How have the politicians responded to this problem?

The Conservatives' solution was to scrap LEA admission procedures altogether and allow head teachers to decide their own intake, so paving the way for selection by academic ability. (They would also offer parents vouchers worth £5,000 a year to spend at low-cost private schools.) La­bour's new plan was an attempt to steal the Tories' thunder by giving popular schools scope to expand and giving them greater autonomy, thus improving standards without having to reintroduce academic selection.

How did it propose in practice to achieve that?

The Government wanted every comprehensive school in England to become an ‘independent special­ist’ school. The idea was not just to give such schools far greater control over their day-to-day spending, but to urge them to build extra capacity as they got ever more successful and popular. The very best schools are able to acquire yet more autonomy by becoming ‘Foundation schools’ (known as ‘super schools’) which can set their own wages (up to £60,000 for the best teachers) and their own cur­ricula. To allay fears that this was a recipe for letting inner city schools sink into neglect, the plan wanted failing schools to be trans­formed into city academies which would be backed by private sponsors and given freedom from LEA control.

II. Write down new words into your vocabulary.

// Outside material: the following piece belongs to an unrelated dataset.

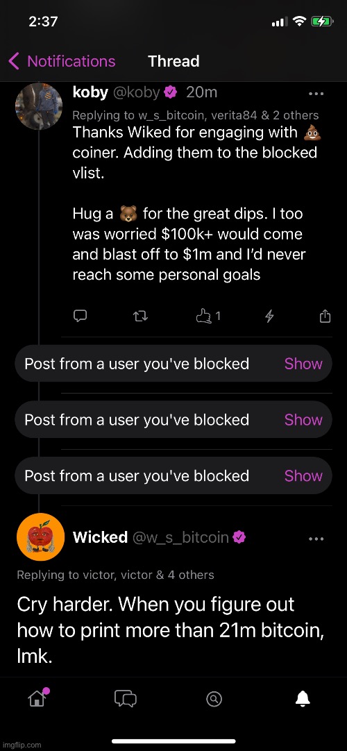 More sats to Wicked for adding to my blocked list.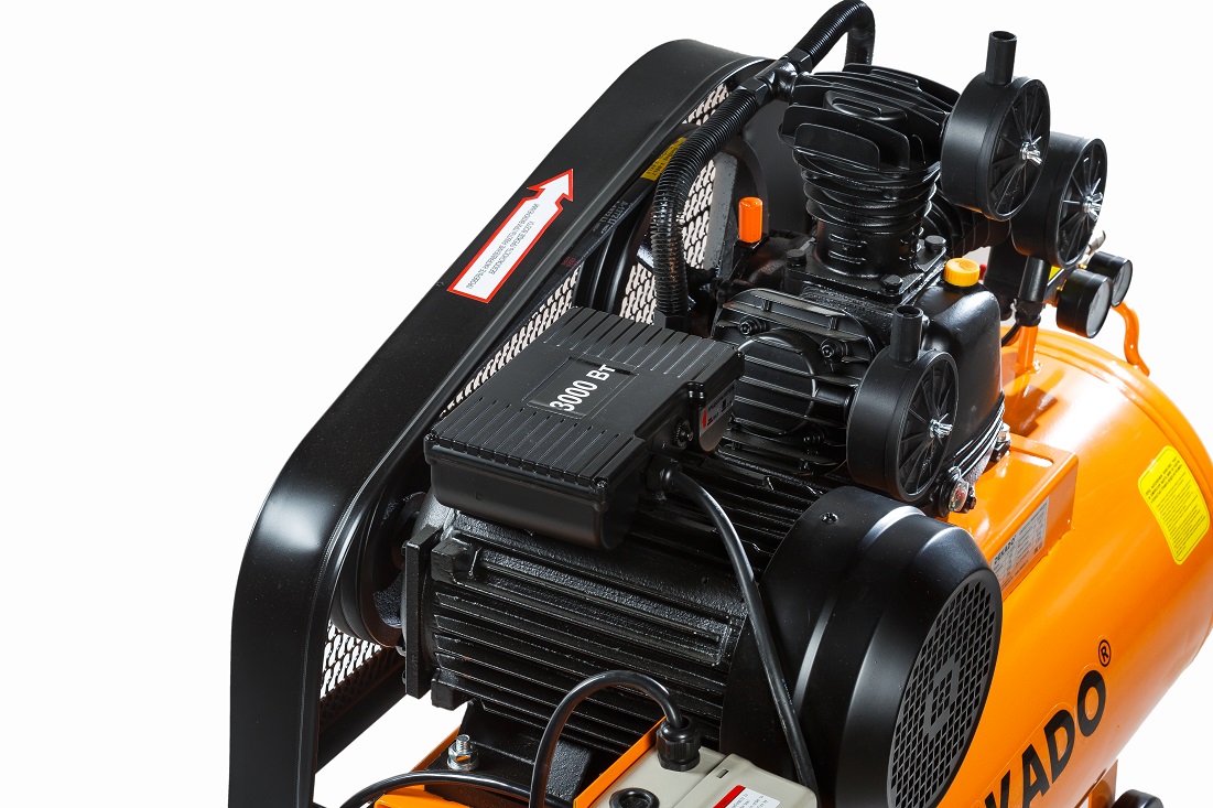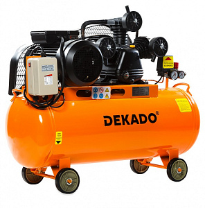 Компрессор воздушный поршневой масляный с ременным приводом KР-100/550 DEKADO, предназначен для выработки сжатого воздуха. Используется совместно с пистолетами для продувки, краскораспылителями, пневмовинтовертами, отбойными молотками, кузовными пилами, пистолетами для подкачки шин и другими инструментами пневматического типа. Ресивер объемом 100 литров позволяет накапливать сжатый воздух, что ведет к сокращению рабочих циклов и замедляет изнашивание. Тем самым обеспечивает возможность продолжительной работы с высокой эффективностью. Ременная система компрессора закрыта специальным решетчатым кожухом. Все элементы контроля (манометры) и управления расположены в одном месте для удобства эксплуатации компрессора. Компрессор КР-100/550 DEKADO имеет производительность 525 л. / мин, с максимальным рабочим давлением 8 бар. Обмотка двигателя данного компрессора – медная. Оснащен блоком управления электродвигателем.

III. Put 10 questions to the text.

IV. Translate the following words and word-combinations into Ukrainian and memorize them:

to announce, local education authority, emphasis, application, attendant, provisional, independent specialist school, aptitude, specialism, admission procedures, head teacher, intake, academic ability, to improve, to reintroduce, day-to-day spending, to urge, wage, to acquire.

TEXT 24

I. Read the text and determine the subtitles of it.

Types of Universities

Part i

There are no important official or legal distinctions between various types of universities in the country. But it is possible to discern a few broad categories.

• Oxbridge

This name denotes the universities of Oxford and Cambridge, both founded in the medieval period. They are federations of semi-independent colleges, each college having its own staff, known as 'Fellows'. Most colleges have their own dining hall, library and chapel and contain enough accommodation for at least half of their students. ‘Fellows’ teach the college students, either one-to-one or in very small groups (known as 'tutorials' in Oxford and 'supervisions' in Cambridge). Oxbridge has the lowest student/staff ratio in Britain. Lectures and laboratory work are organized at university level. As for the college libraries, there are two university libraries, both of which are legally entitled to a free copy of every book published in Britain. Before 1970 all Oxbridge colleges were single-sex (mostly for men). Now, the majority admit both sexes.

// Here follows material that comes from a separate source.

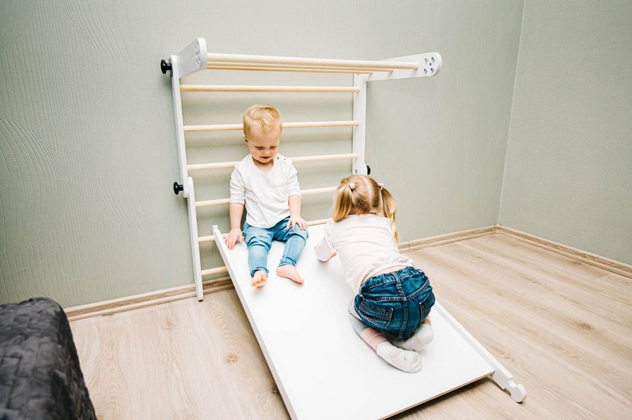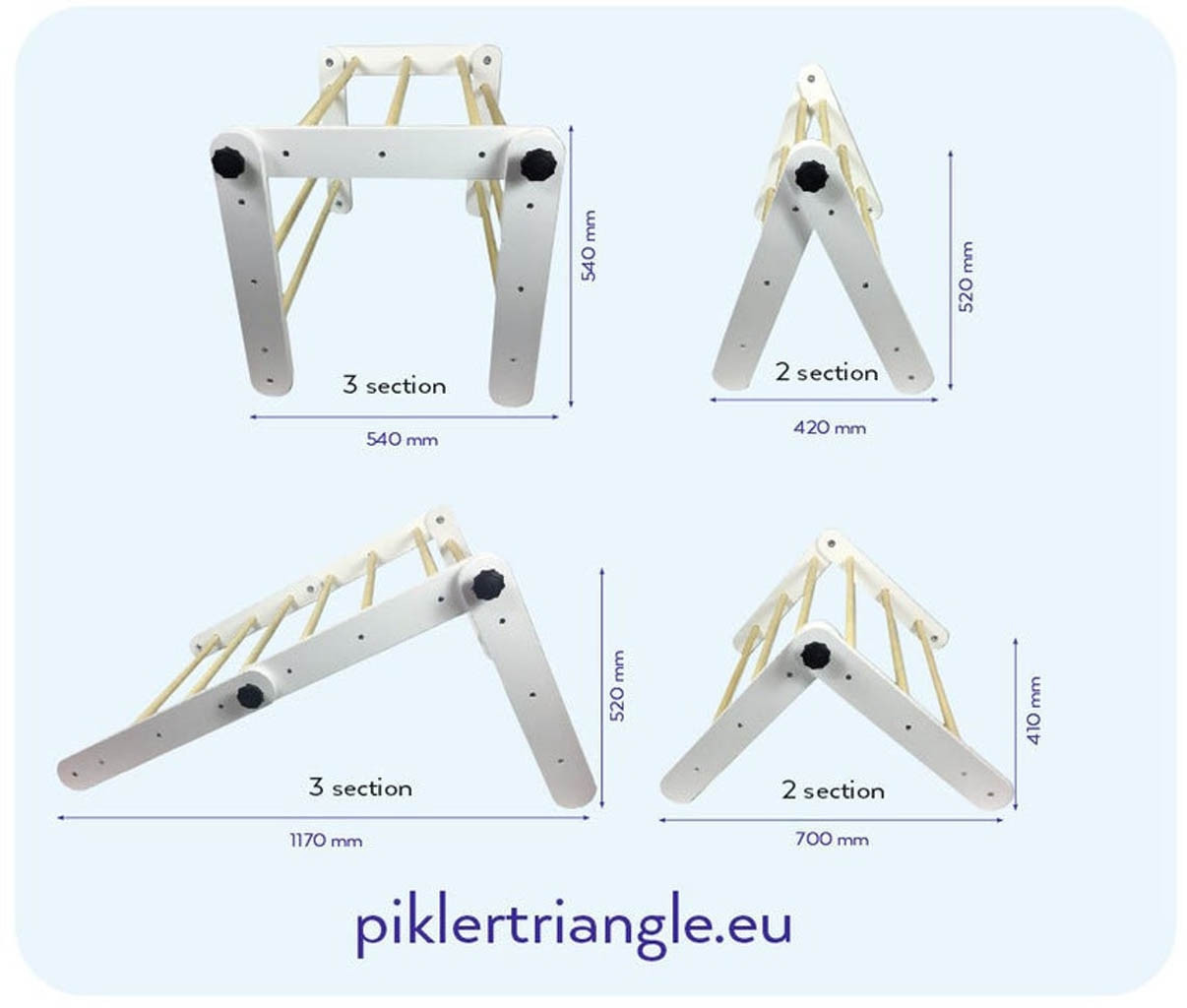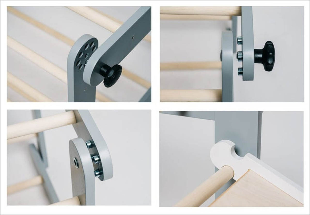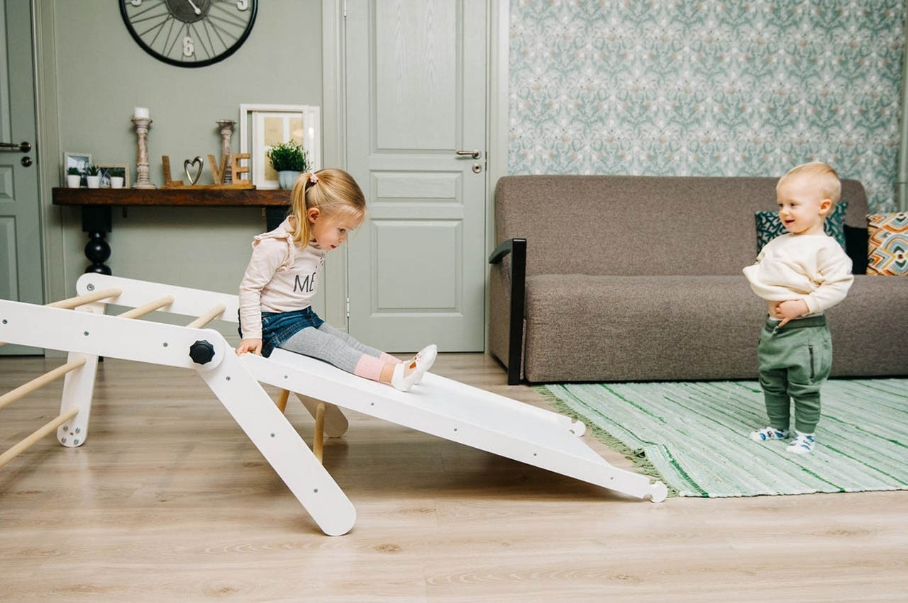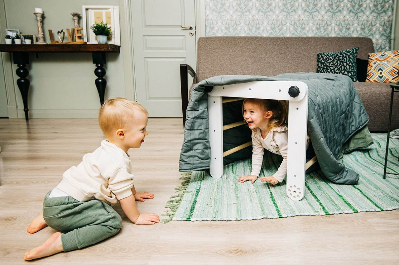 Montessori trikotnik lahko uporabite na 4 različne načine. Otrokom je vedno zanimiv, saj imajo pri vsaki postavitvi možnost razviti različne motorične sposobnosti, raziskovati in se igrati na različne načine. Otrok se lahko skrije pod trikotnik, po njem pleza, se obeša ali spušča.

• The old Scottish universities

By 1600 Scotland boasted four uni­versities. They were Glasgow, Edinburgh, Aberdeen and St. Andrews. The last of these resembles Oxbridge in many ways, while the other three are more like civic universities in that most of the students live at home or find their own rooms in town. At all of them the pattern of study is closer to the continental tradition than to the English one – there is less special­izations than at Oxbridge.

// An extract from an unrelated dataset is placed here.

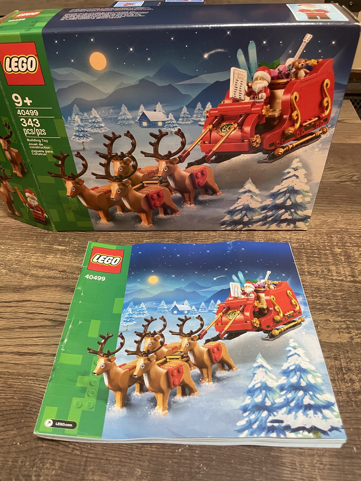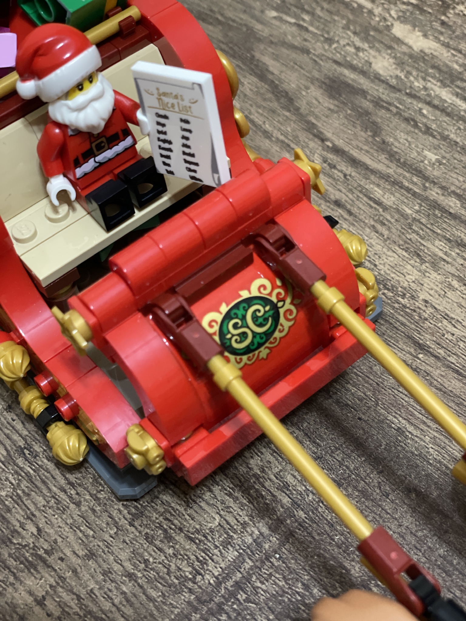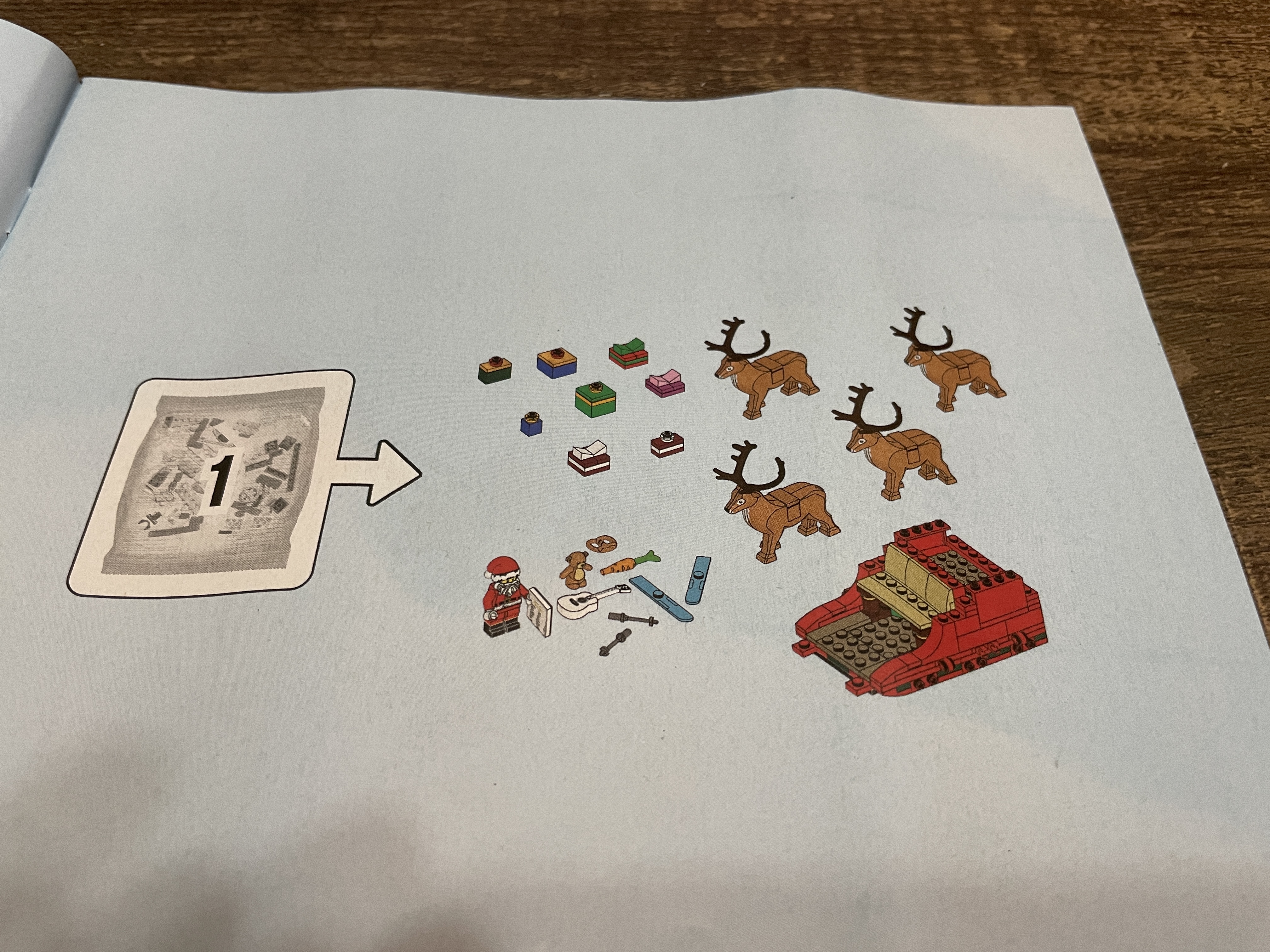 The build has two stages, described in a 76-page instruction booklet. During the first stage, most of the build is completed with the creation of the Santa minifigure, presents, reindeer, and the shell of the sleigh chassis. The second stage focuses on details – reigns, the sleigh exterior, and all the decorative elements.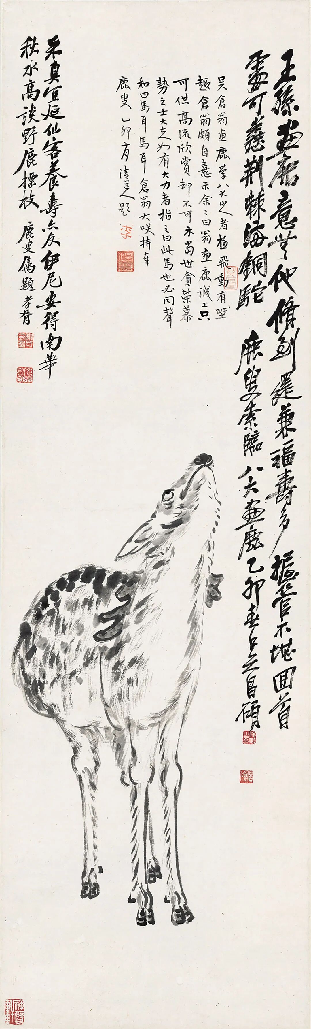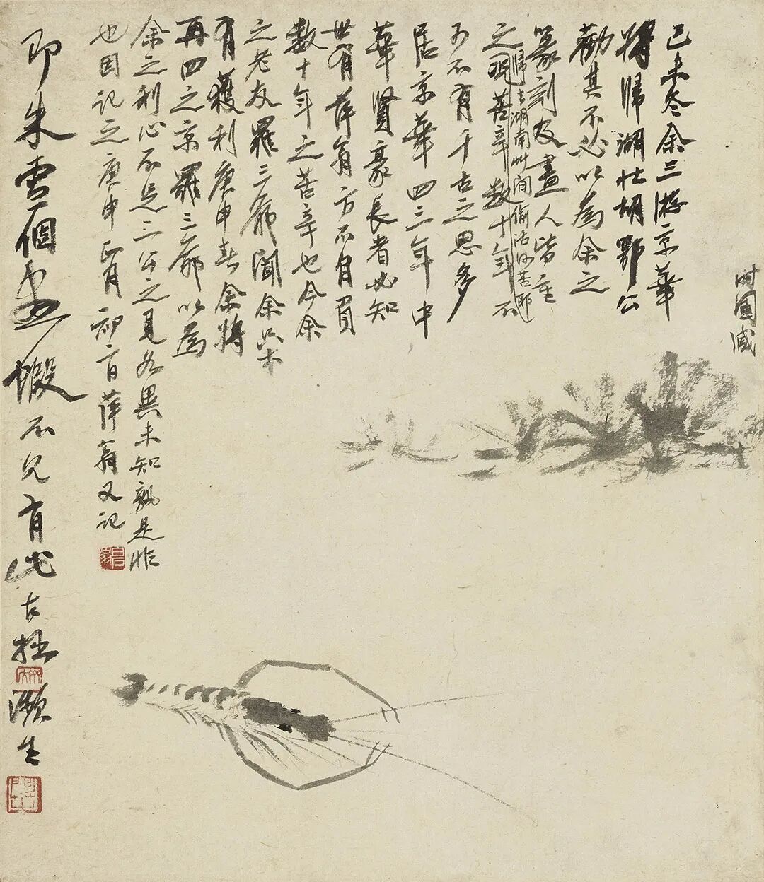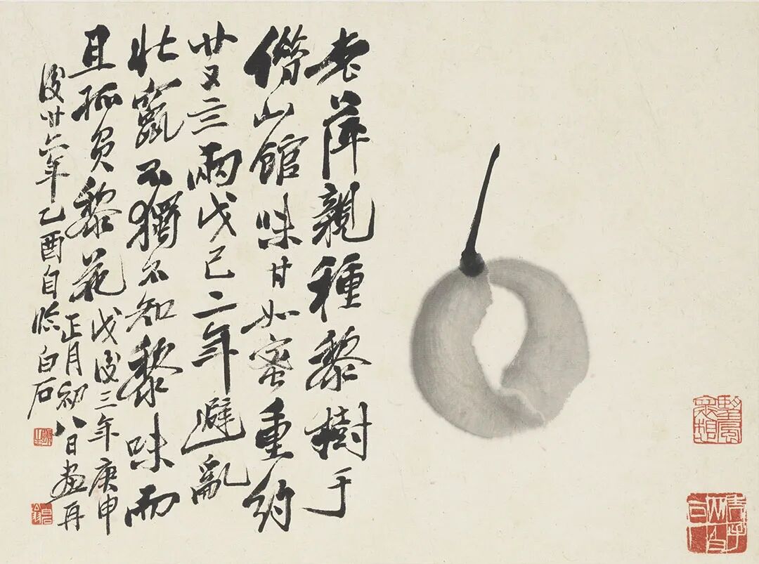 白石老人,學(xué)徐渭放逸而去其燥,學(xué)八大精簡(jiǎn)而舍其傲,取老缶金石之力而棄其繁,反復(fù)咀嚼三家,融會(huì)貫通之后,如哪吒脫胎換骨,晚歲重生,肉身不再,而詩(shī)心欲老,抓筆處,古人微妙,一生精修,亂世浮云,天人之慨,都從胸中到紙上,而為一代大家。

• The early nineteenth-century English universities

Durham University was founded in 1832. Its collegiate living arrange­ments are similar to Oxbridge, but academic matters are organized at university level. The University of London started in 1836 with just two colleges. Many more have joined since scattered widely around the city, so that each college (most are non-residential) is almost a separate university. The central organization is responsible for little more than exams and the awarding of degrees.